Но она жива, и никуда от нее не деться. И все время ей чего-то нужно. И никак она не оставит его в покое! Вот и опять… Он тогда ушел и не видел, а оказывается, этот Геркуланий ожил. Удивительная история! Никогда о таком не слышал. Даже в сказках Алевтины, которых он столько в свое время переслушал, ни в одной из них про такое не было. Там, как и в жизни, уж если кто и умирал — так умирал. А тут…

Но это даже к лучшему. Не будет больше у Сердеции поводов мечтать о короне этой далекой и ненужной Эрогении. Но зато сейчас ей приспичило пригласить этого ожившего родственничка в гости. Это еще зачем? Но разве ей откажешь?

***

Будучи все это время занят лечением своих душевных болей, Урлах как-то выпал из окружавшей его действительности. Об оживлении Геркулания он узнал только что со слов своей очаровательной супруги, пробудившей его с помощью двух ведер ледяной воды, а затем заставившей переодеться и идти искать, найти и пригласить того, над чьим трупом он недавно пытался столь неуклюже заявить о своих правах на его же престол.

И где его искать? Сердеция сказала, что он вроде бы бродит по всему дворцу. Интересно, зачем? И, кстати, если он ожил, то почему не играют свадьбу? Ведь, кажется, собирались же…

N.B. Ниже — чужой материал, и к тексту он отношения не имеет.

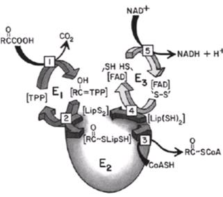 图3 1:E1在TPP与Mg2+的作用下催化丙酮酸脱羧,形成羟乙基-TPP; 2:羟乙基-TPP被移到E2,E2在硫辛酸的作用下催化氧化羟乙基成乙酰基,乙酰基结合上硫辛酸形成乙酰硫辛酰胺; 3:E2催化乙酰硫辛酰胺上的乙酰基转移给CoA形成乙酰CoA; 4:E3把还原型的硫辛酸氧化形成氧化型的硫辛酸,并生成FADH2; 5:在E3的作用下FADH2使NAD+还原,形成循环。

Урлах брел по пространству царского чертога, стараясь не столько найти этого самого Геркулания, сколько избежать встреч с собратьями по профессии и вообще знакомыми. Даже своих подданных он старался обходить подальше. Благо размеры дворца это позволяли.

***

Долго патриарх Онуфрий пребывал в тягостном и бесплодном раздумье. Ставка на Шварцебаппера была проиграна, святотатственное деяние свершилось. Стены этого дома были осквернены черной магией, и надо было бы уходить отсюда поскорее, но и так просто оставлять это было нельзя. Не в духе это было Единой Правоверной церкви, и не пристало его главе поджавши хвост убегать, оставляя поле сражения за Врагом и его прислужниками. Надо было что-то делать. Но что можно сделать с пришедшим с той стороны? С тем, кто восстал из могилы? Обычными средствами его туда не загонишь. Уже имели возможность видеть и убедиться в этом. Остается одно: есть у лекарей такое — подобное лечить подобным. И никуда не деться. То, что выгнало Геркулания с того света, должно помочь загнать его обратно.

Да, придется, — думал тяжкую думу Онуфрий, — недаром все же достигших высших степеней посвящения обучают некоторым святотатственным тайнам. В конце концов, Единый был всегда, и когда люди еще не познали свет Истины, и тогда были и жизнь, и смерть, и то, куда уходят после смерти. И люди как-то научились управляться с этим. От этих древних знаний и питается нынешняя магия. И, если ничего другого не остается, придется прибегнуть к этому, запретному, но, дай Единый, действенному средству. Дай, и прости нас, грешных. Не корысти мы ради прибегаем к тому, что проклинаем сами, и с чем боремся по мере наших скромных сил. Ради самого же Геркулания — легко ли ему сейчас? А его невесте — легко ли, радостно ли лицезреть его таким, каким он предстал перед нею? А всем прочим?